Generally, dose reduction is followed by the decrease or the
disappearance of GI symptoms. When patients have these
symptoms under immunosuppression with Tac, they are
usually given CyA, which has fewer GI symptoms. Sometimes,
patients with severe GI symptoms may require parenteral
nutrition to lessen the side effects of anorexia.
Therapy with MMF presents a very high rate of GI
incidents, too. One of the possible mechanisms through which
MMF causes the mentioned intestinal symptoms, in particular
diarrhea, is the inhibition of cell division and induction of
apoptosis at the level of the colonic crypts through an immunemediated mechanism, as well as the loss of villous, normal
structure of duodenum [20]. As many GI symptoms have been
related with the use of MMF (CellCept), this has been largely
replaced by enteric-coated mycophenolic acid (Myfortic), with
fewer GI side effects [7].
Obviously, as a consequence of the mentioned symptoms,
other strategic attitudes have been selected in order to alter
the manner of administration of these immunosuppressant
drugs (total dose reduction, or dividing the total dose into two
or three smaller doses which resulted in the reduction of the
intensity and duration of the side-effects) [10, 11, 21].
Gastrointestinal tract and post-transplant therapy
Bacterial infections
Bacterial infections of the intestinal tract are not
uncommon in these patients.
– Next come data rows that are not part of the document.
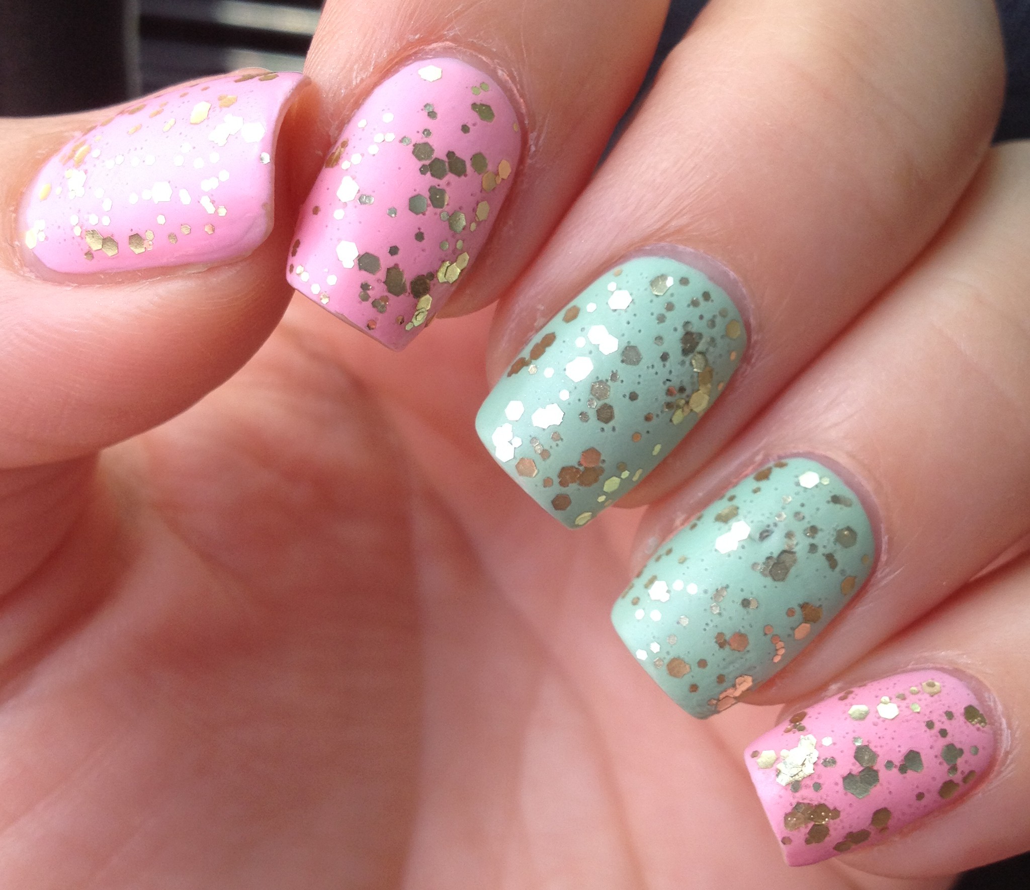 So anyway, after adding the purple and green polish, I finished off with a matte top coat. I don’t know why, but I feel like dry
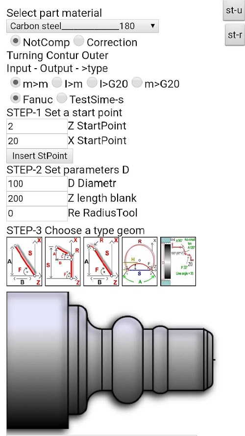 Interactive programming of TURNING CNC using a smartphone. Fast and convenient. It does not require large expenses and unnecessary efforts. Ideal for work and training. You can quickly perform complex calculations and you can save the program text in the / storage / MODULE_KJ / CNC directory.
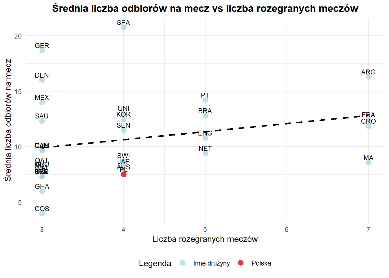 Wykres ukazuje, że reprezentacja Polski, w porównaniu do drużyn, które wyszły z grupy, prezentowała się raczej słabo pod względem liczby odbiorów na mecz. Choć Polska wyróżnia się stosunkowo wysoką średnią liczbą odbiorów w kontekście rozegranych spotkań, to jednak w zestawieniu z najlepszymi drużynami, które osiągnęły dalsze etapy turnieju, jej wynik jest bardzo przeciętny. Może to sugerować, że choć Polska była efektywna w obronie, to brak większej liczby rozegranych meczów mógł wpłynąć na dalszy rozwój tej statystyki w porównaniu do drużyn, które miały więcej doświadczeń na boisku.
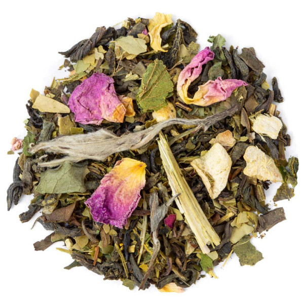 De oolong is een effectieve afslankthee, het bevat een krachtige vetverbrander. Groene theeën helpen ook om af te vallen. De drainage wordt verzorgd door de paardenbloem, de rooibos en de groene maté, ze beperken de vochtretentie. De brandnetel staat bekend als een fantastische plant om af te vallen. Het rozenblaadjes en de witte thee hebben een detox-effect. De tulsi en braambladen controleren de bloedsuikerspiegel en helpen het cholesterol te verlagen.
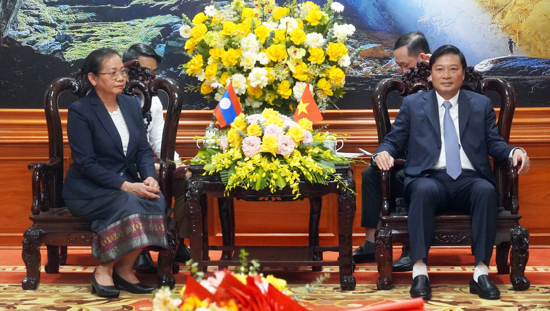 Trao đổi với đồng chí Phó Bí thư Tỉnh ủy, Chủ tịch UBND tỉnh Lê Hồng Vinh, đồng chí Vonekham CHEUANGMANIVONG thông tin khái quát nhiệm vụ và những kết quả hợp tác giữa hai Đảng, hai Nhà nước và các địa phương, trong đó có Quảng Trị.
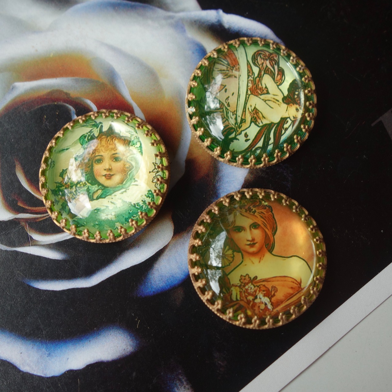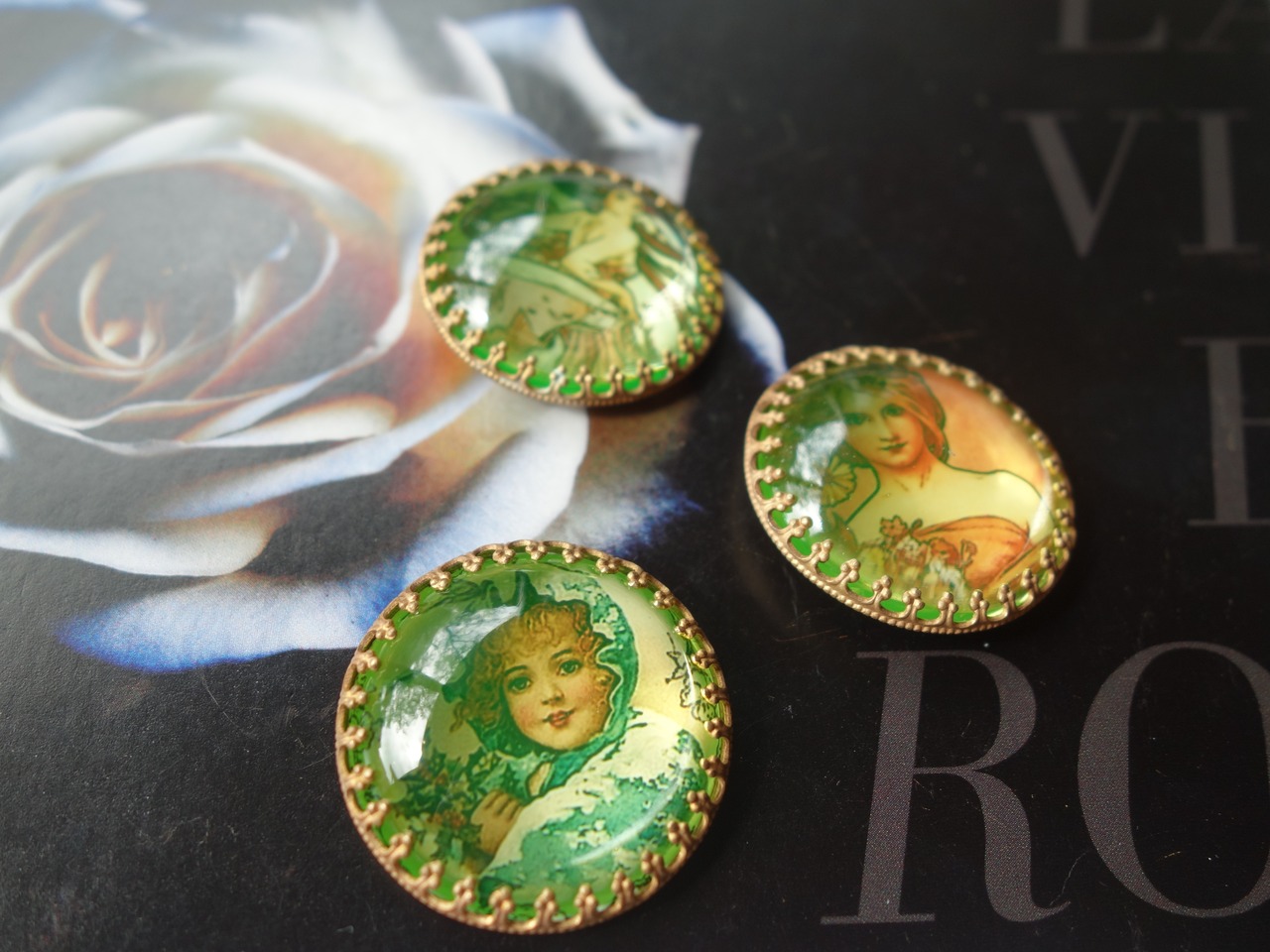 ガラスボタン チェコアンティークボタン 希少 チェコスロバキア刻印 ウランガラス おしゃれ ボタン
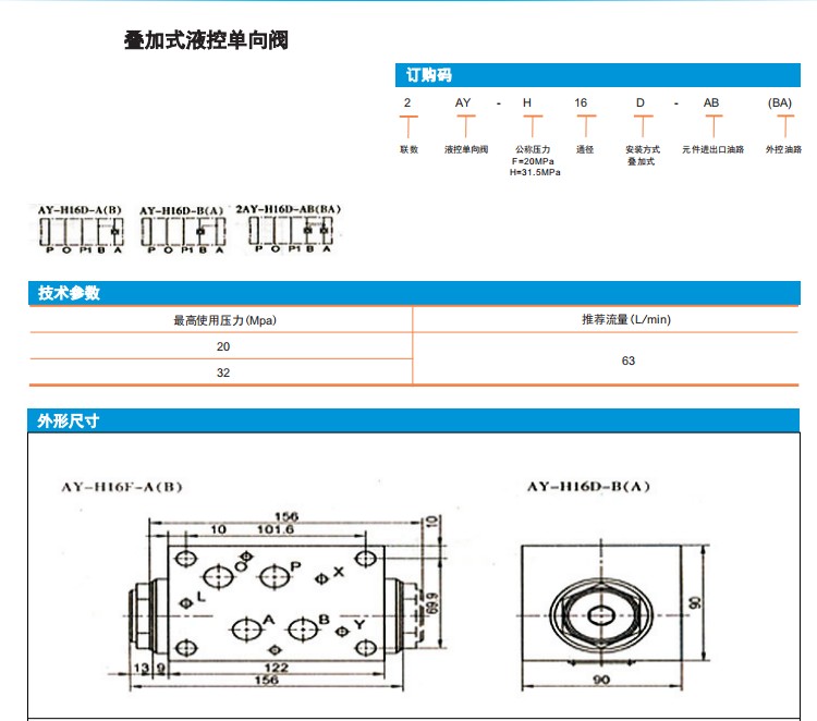 AY-H16D-A(B),AY-H16D-B(A),2AY-H16D-AB(BA),疊加式液控單向閥
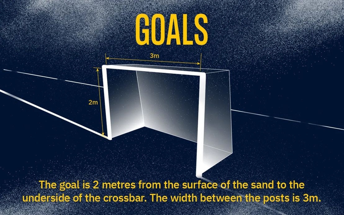 Beach Handball wird auf einem 12 Meter breiten und 15 Meter langen Spielfeld gespielt. Auf beiden Seiten schließt sich ein Torraum von jeweils sechs Metern an. Am Ende des Torraums befindet sich auf jeder Seite ein Handballtor.
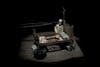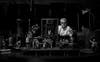 Some figures are in glass cases, others in handcrafted displays and still others arranged under fine product lighting on a multi-layered stage. The figures toward the back of the stage are almost completely in shadow. The intricate sculptures have human and not-so-human features, wear handmade clothing and possess movable limbs, jaws and even (for some of them) eyelids.
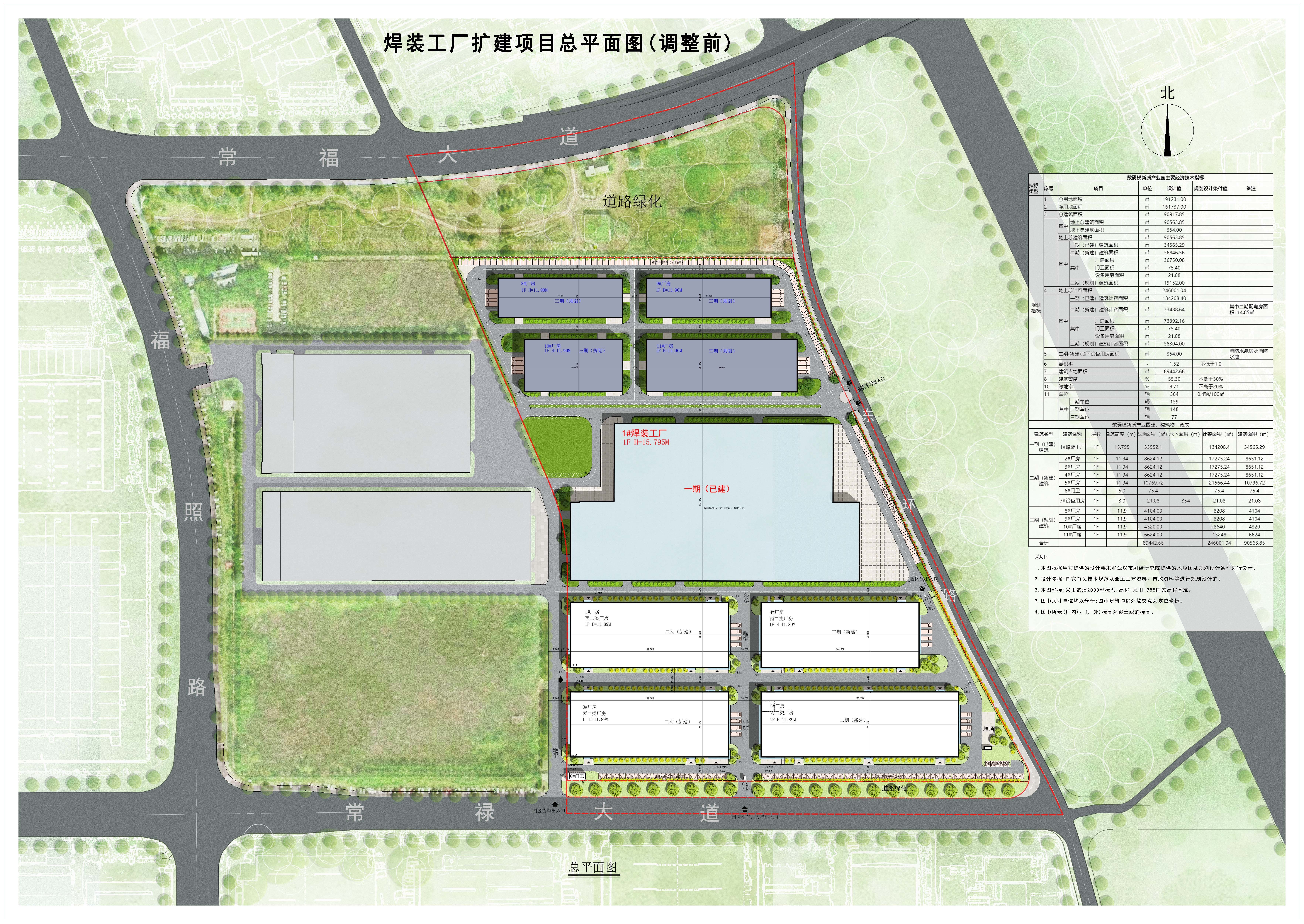 公示内容: 工业项目(焊装工厂扩建项目)规划总平面调整对比图、效果图(详见附图);

The most common species
affecting transplanted patients are Yersinia enterocolitica
and Clostridium difficile. Typically, these infections are more
frequent if the patient presents a concomitant systemic CMV
[22]. Septicemia due to Yersinia enterocolitica can occur
especially in patients who have iron in excess in their body,
diabetes mellitus or chronic liver disease. Very aggressive
immunosuppression favors the occurrence of these infections.
Clinically, the patients present GI symptoms such as diarrhea
and abdominal tenderness, but rarely they have presented
erythema nodosum, arthritis, myocarditis, meningitis or acute
renal failure. Appropriate antibiotic treatment is effective.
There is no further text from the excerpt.